I woke up feeling generally crappy, headachy, and just….off.  My face was still numb and looked puffy.  My hand was still numb, and I couldn’t feel my fingertips when I brushed across them.   So I went to work.  (Before you give me up as irreparably insane, understand that I work in a clinic, and going to work is going to see my provider.)  Thankfully, I was working with the single doctor on our staff that I trusted to take this a little more seriously than it had been taken before, and I got the earliest appointment with him that I could manage.  More than half of me was expecting the same level of curious dismissal that my last visit had given me, even when I could not manage half of the neurological tests he sprang on me.  There wasn’t dismissal, and there was a notable lack of curiosity on his face as he watched.  Concern yes, curiosity no.  So I asked the obvious… was I having another TIA?

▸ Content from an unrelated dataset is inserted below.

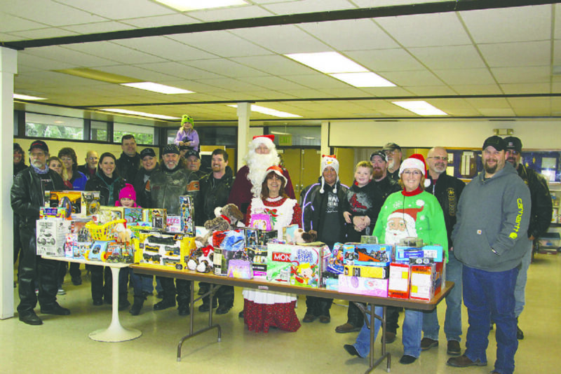 Santa (Randy Claasen) gets to ride in style during the STAR Touring and Riding Association’s second annual toy drive sponsored by Willamette Chapter 306 and the Sweet Home Choppers , hosted by the Sweet Home Elks Lodge Sunday afternoon, Dec. 18. Bikers and some assistants in trucks hauled toys from Bi-Mart to the Elks Lodge, where, above, they unloaded the toys and stacked them, below, in the lodge for distribution to local needy families. They also got a chili-and-cornbread lunch, courtesy of the Elks.

I had never been thrown the full s word before.  I’d had a mini stroke. A TIA.  But he frowned and shook his head.  No, he thought I had experienced a stroke.  No limiting “mini” with it.  Twelve hours out, and still experiencing symptoms… he was going ahead and calling it the real deal.  Another head CT…as crystal clear as the first.  I waited for the backing off of the whole “stroke” diagnosis.  But no….he was admitting me to the hospital…. the oddest phrase that I found myself repeating was “Observation for progression of stroke.”  That earned me a ‘fall risk’ wristband, every four hour neurological tests and some fairly dubious nurses.   They became even more dubious after they caught me happily playing World of Warcraft while confined to my hospital bed.  It all seemed like a whole lot of fuss over nothing.